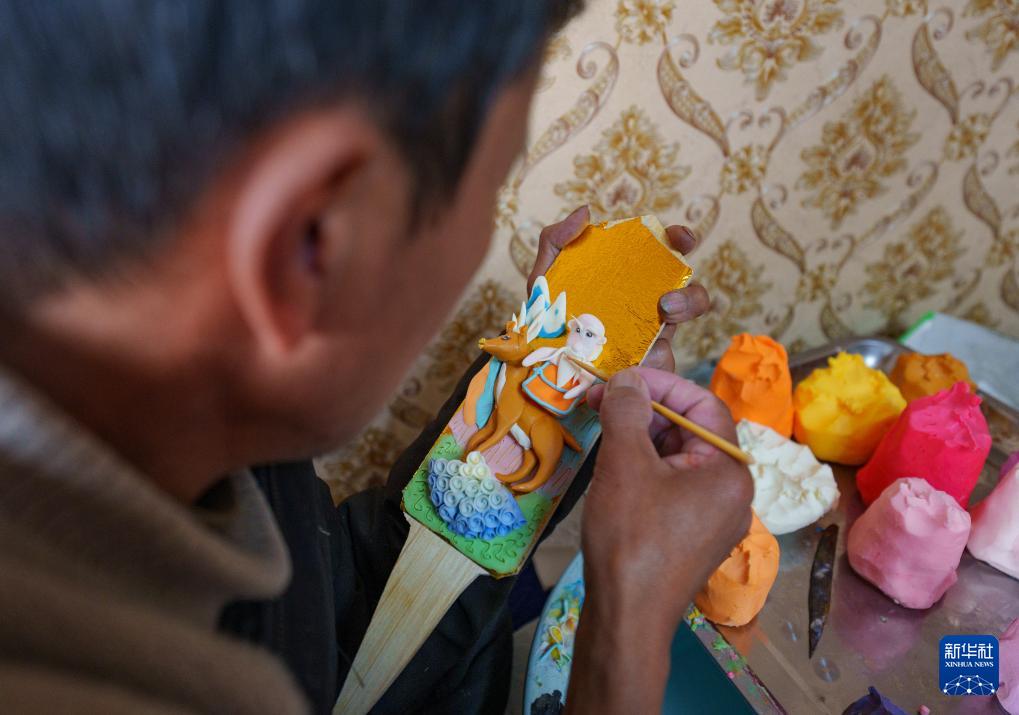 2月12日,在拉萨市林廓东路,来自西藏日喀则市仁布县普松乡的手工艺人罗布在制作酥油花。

* * *

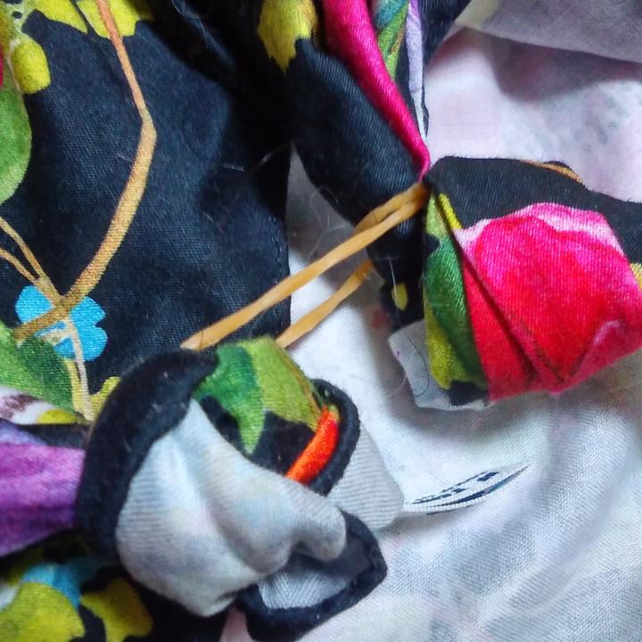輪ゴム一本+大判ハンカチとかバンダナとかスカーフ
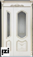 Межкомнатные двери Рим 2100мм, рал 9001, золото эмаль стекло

---

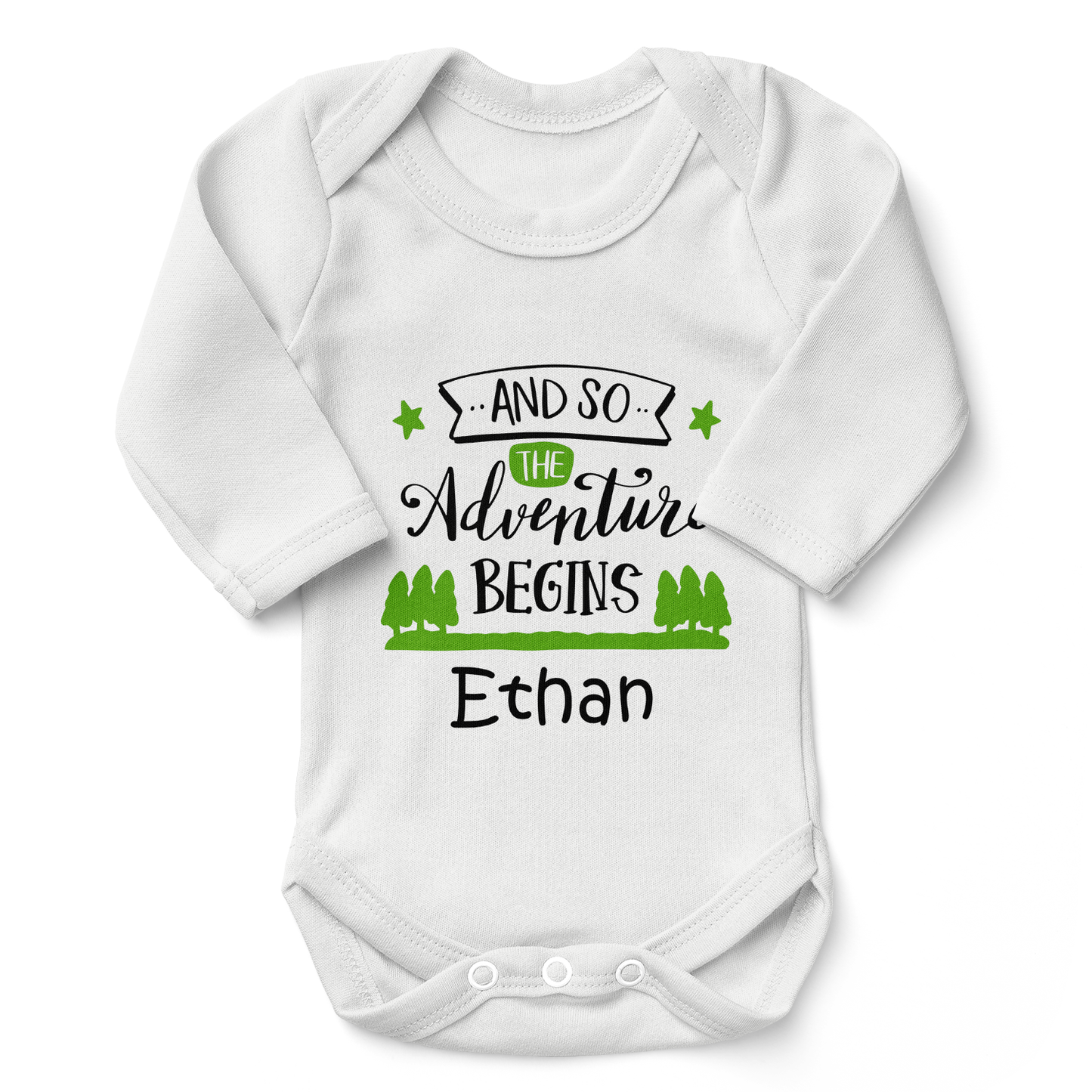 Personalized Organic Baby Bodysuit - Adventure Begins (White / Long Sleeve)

Work instructions:
Would you write out exactly the lines above, starting at the line containing "輪ゴム一本+大判ハンカチとかバンダナとかスカーフ" and stopping after the line containing "Межкомнатные двери Рим"? Omit the pictures.

Answer space:
輪ゴム一本+大判ハンカチとかバンダナとかスカーフ
 Межкомнатные двери Рим 2100мм, рал 9001, золото эмаль стекло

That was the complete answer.